Fig. 1. Liver hand palpation: “The living are soft and yielding; the dead are rigid and stiff”,
Lao Tzu, (6th century BCE).
2. Quantitative elastography
2.1 Elastography techniques
It was a matter of time to see the development and emergence of sophisticated techniques
such as elastography to quantitatively and non-invasively measure liver stiffness.
Elastography is a recent field of research that started in the 80s to propose a reproducible
and operator-independent alternative technique to hand palpation. Elastography techniques
may be divided into two groups: qualitative elastography and quantitative elastography.

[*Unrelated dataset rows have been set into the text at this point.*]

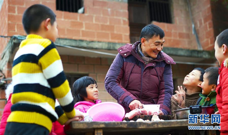 1月3日,章站亮(左三)在學(xué)校的操場上切肉。由于學(xué)校沒有室內(nèi)的廚房和食堂,章站亮只能在露天的環(huán)境下為學(xué)生們準(zhǔn)備餐點(diǎn)。 新華社記者 胡晨歡 攝
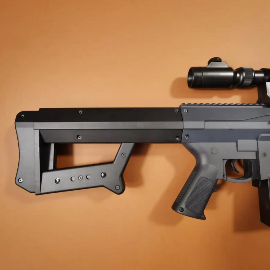 - Auténtico diseño a escala 1:1: Replica la formidable presencia del Barrett M82A1, añadiendo un nivel de realismo e intimidación a tu arsenal.
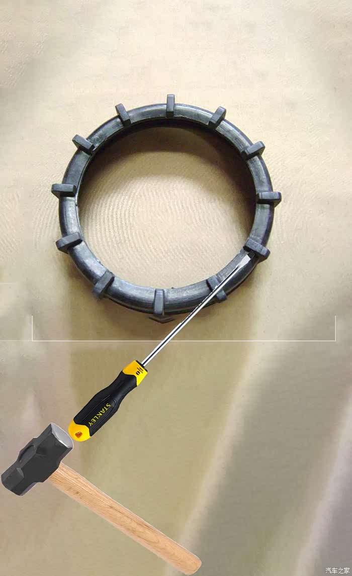螺丝刀的金属杆尽量用胶带绑起来,以免下面的操作与旁边的车体金属接触产生火花,用螺丝刀抵住盖子的棱,通过用锤子敲击将这个盖子逆时针旋转,注意力度,旋转大约两周就可以了,拿这个盖子出来的时候,右侧的油管可能会碍事,小心一点拿出来,因为这时候油箱内的汽油就基本暴露在外面了。这时候就可以把油泵拿出来了。一定要慢。垂直拿出。
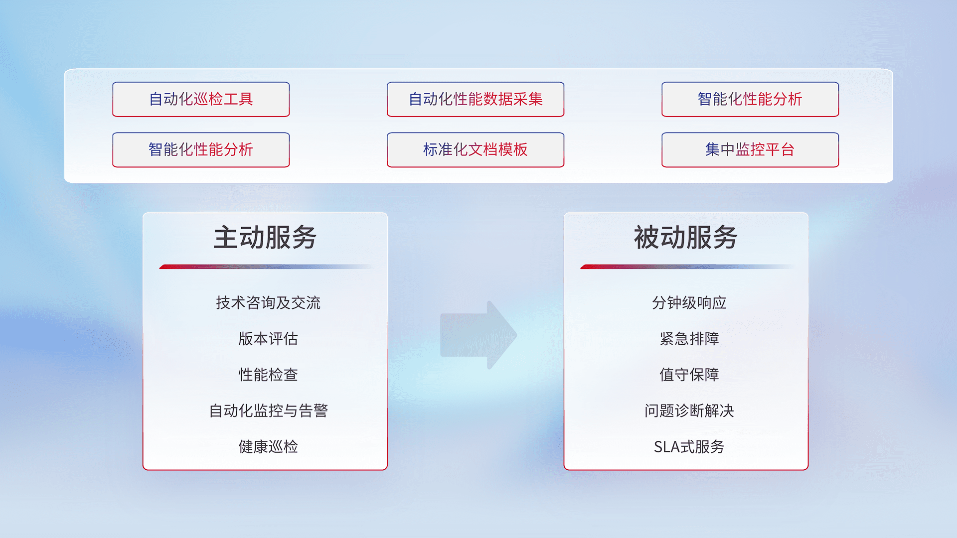 智能化工具和标准化文档,,保障服务质量,,提供主动服务(包含技术咨询、、、版本评估、、、、性能检查、、自动化监控与告警、、健康巡检)和被动服务包含(分钟级响应、、、紧急排障、、、、值守保障、、、问题诊断解决、、SLA服务)。。

Qualitative elastography is now widely available on ultrasound scanners, it provides a
qualitative color image that gives an interpretation of stiffness without providing any
number. Basically, while the operator moves the ultrasound transducer at the skin surface of
the body, the scanner measures the quasi static displacements within the tissues. A map
representing the inverse of the displacement is displayed usually in color: the larger the
displacement, the softer the tissue. While this technique may be helpful in radiology to
identify focal lesions, it is definitively not adapted to quantify stiffness.
Quantitative elastography techniques rely on the use of low frequency shear waves. Indeed
the velocity of these mechanical waves is directly related to the stiffness. Thus all
quantitative elastography techniques combine a means to generate shear waves and an
imaging technique to measure the propagation of the generated shear waves.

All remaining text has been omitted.